Omitting all pictures, print the lines of the listing from the one containing "영예의 대상 수상 |" through the final line, both ends included, with no other text.

Dataset content:
* * * *

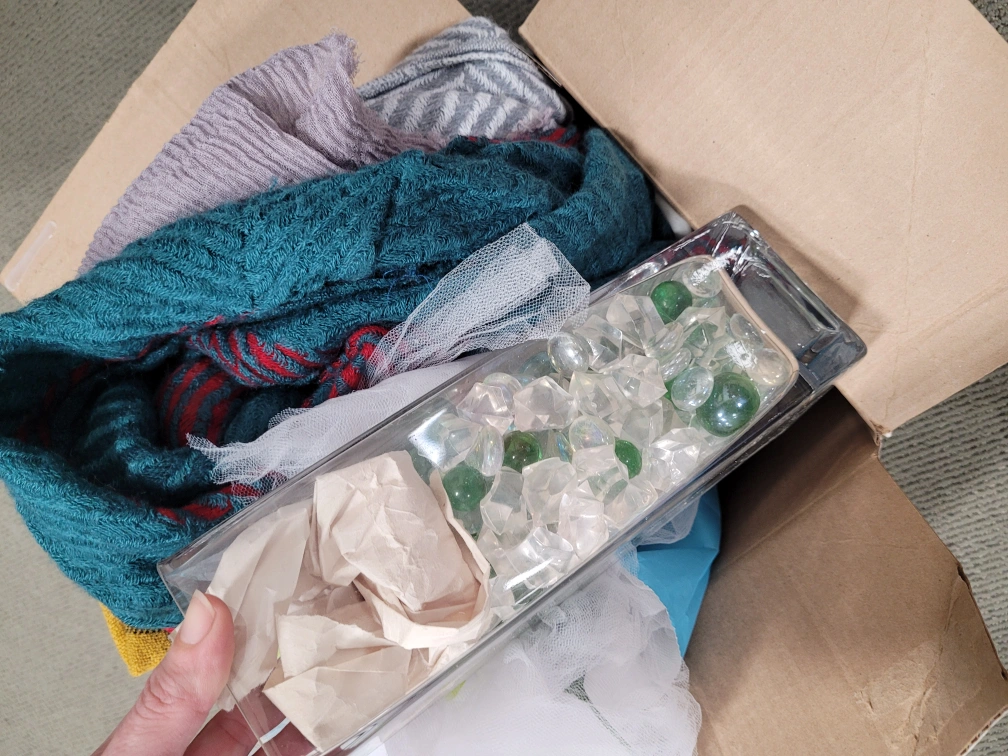 only message me if you are ready to come get it. Blue ez kleen 12 amp stick vacuum Last call on the 4 scarves i posted (yellow with a pull, never worn) plus adding a vaccume and the supplies for the type of game you make wedding hats veils crowns at a wedding shower. Hair ties, loose fake flowers and craft tulle. Vase with glass beads. Must take all today before 430pm. Adding a few kitchen things to the box today too. Carlingview and attwell drive. Dm for address if you can come now before i drop somewhere for donation.
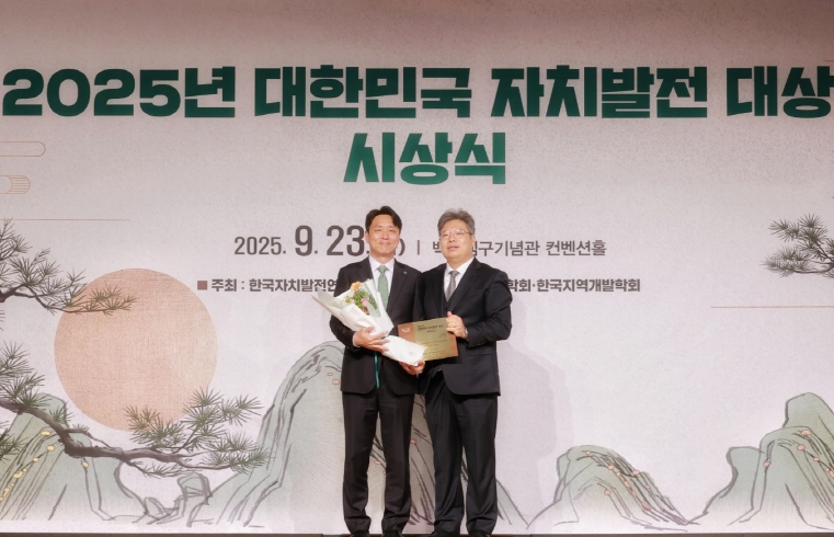 ▲ 2025년 대한민국 자치발전 시상식에서 영예의 대상 수상 |
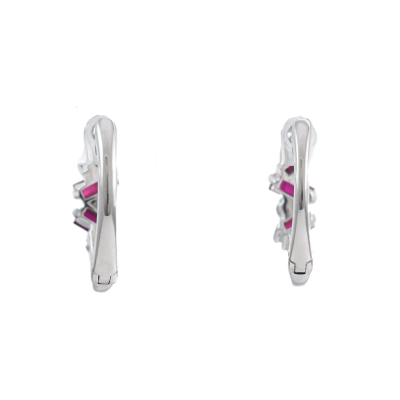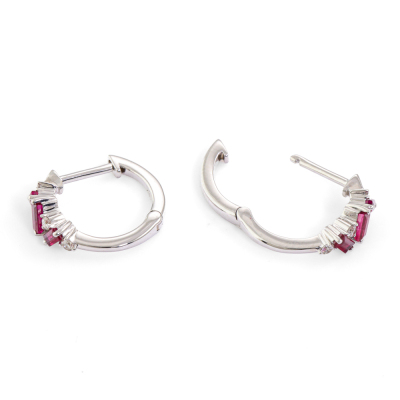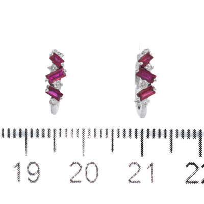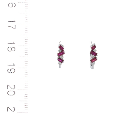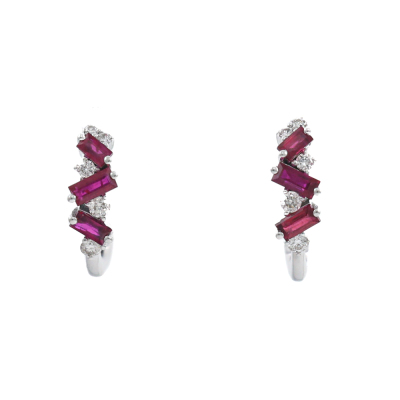 Ruby and Diamond huggie earrings with baguette cut Natural Rubies totalling 0.46ct and round Natural Diamonds totalling 0.11ct. 18ct white gold. Weight: 2.4g (New)
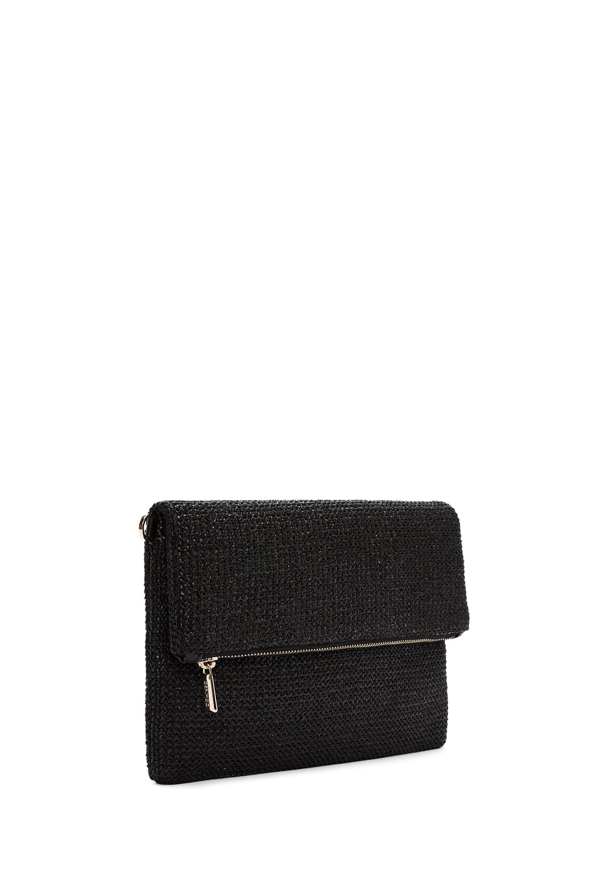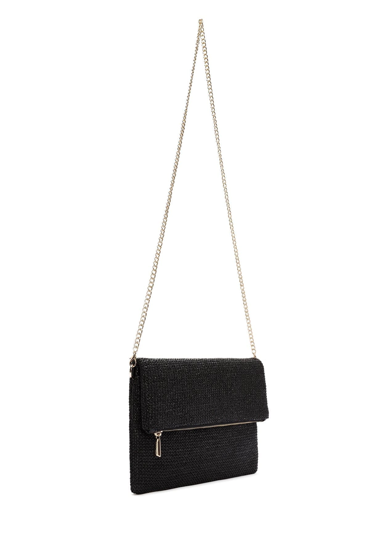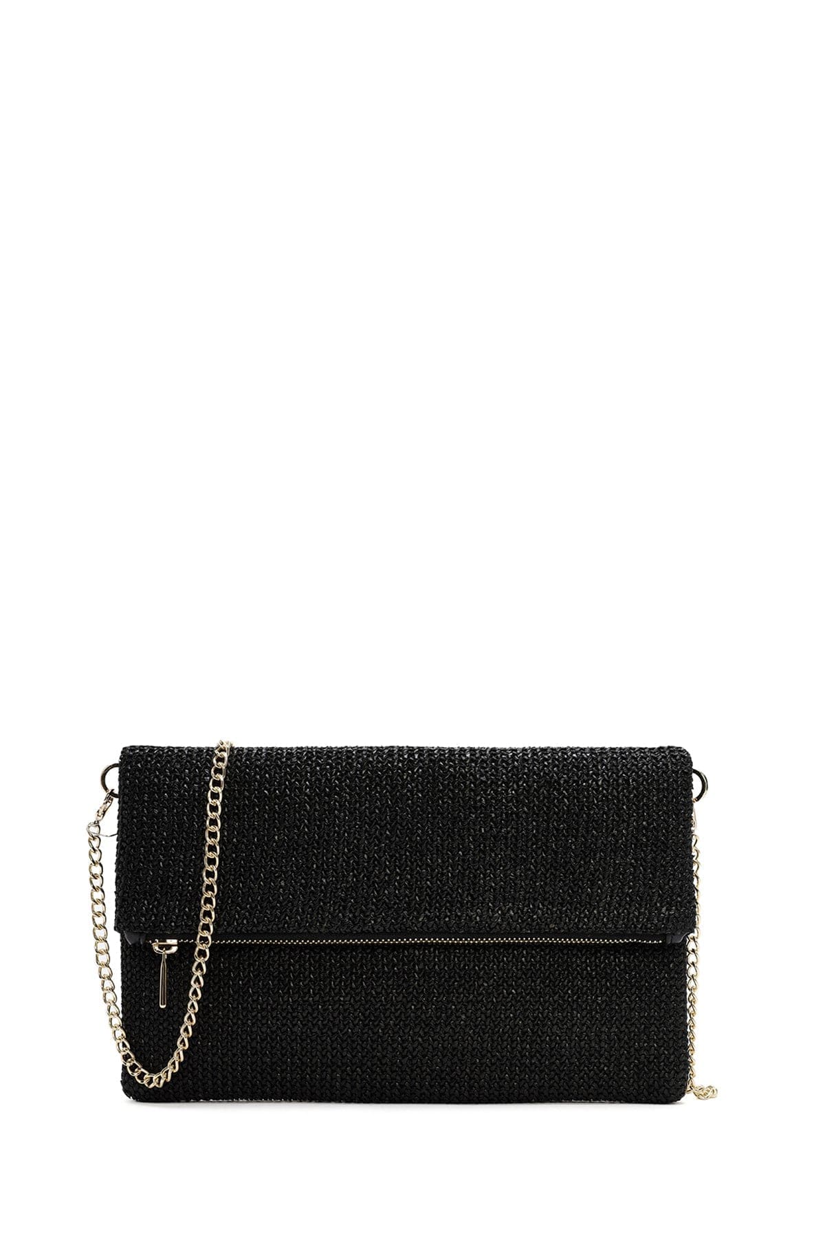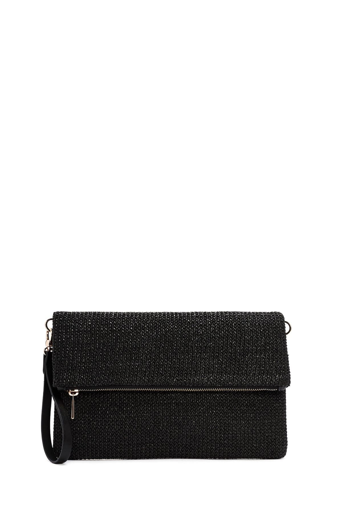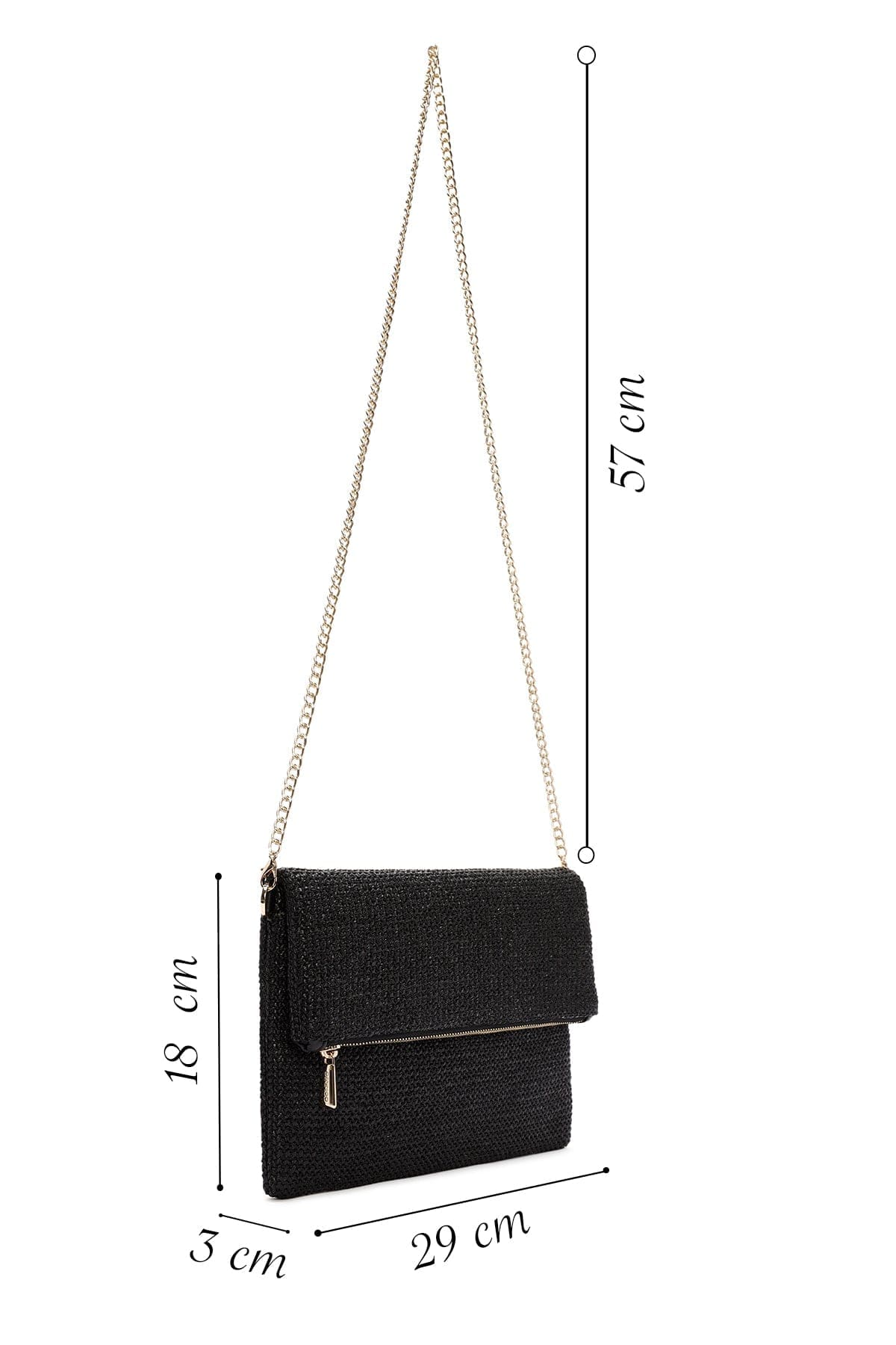 Kadın Siyah Uzun Zincir Askılı Hasır Portföy Çanta

* * * *

Answer to the problem:
 ▲ 2025년 대한민국 자치발전 시상식에서 영예의 대상 수상 |
 Ruby and Diamond huggie earrings with baguette cut Natural Rubies totalling 0.46ct and round Natural Diamonds totalling 0.11ct. 18ct white gold. Weight: 2.4g (New)
 Kadın Siyah Uzun Zincir Askılı Hasır Portföy Çanta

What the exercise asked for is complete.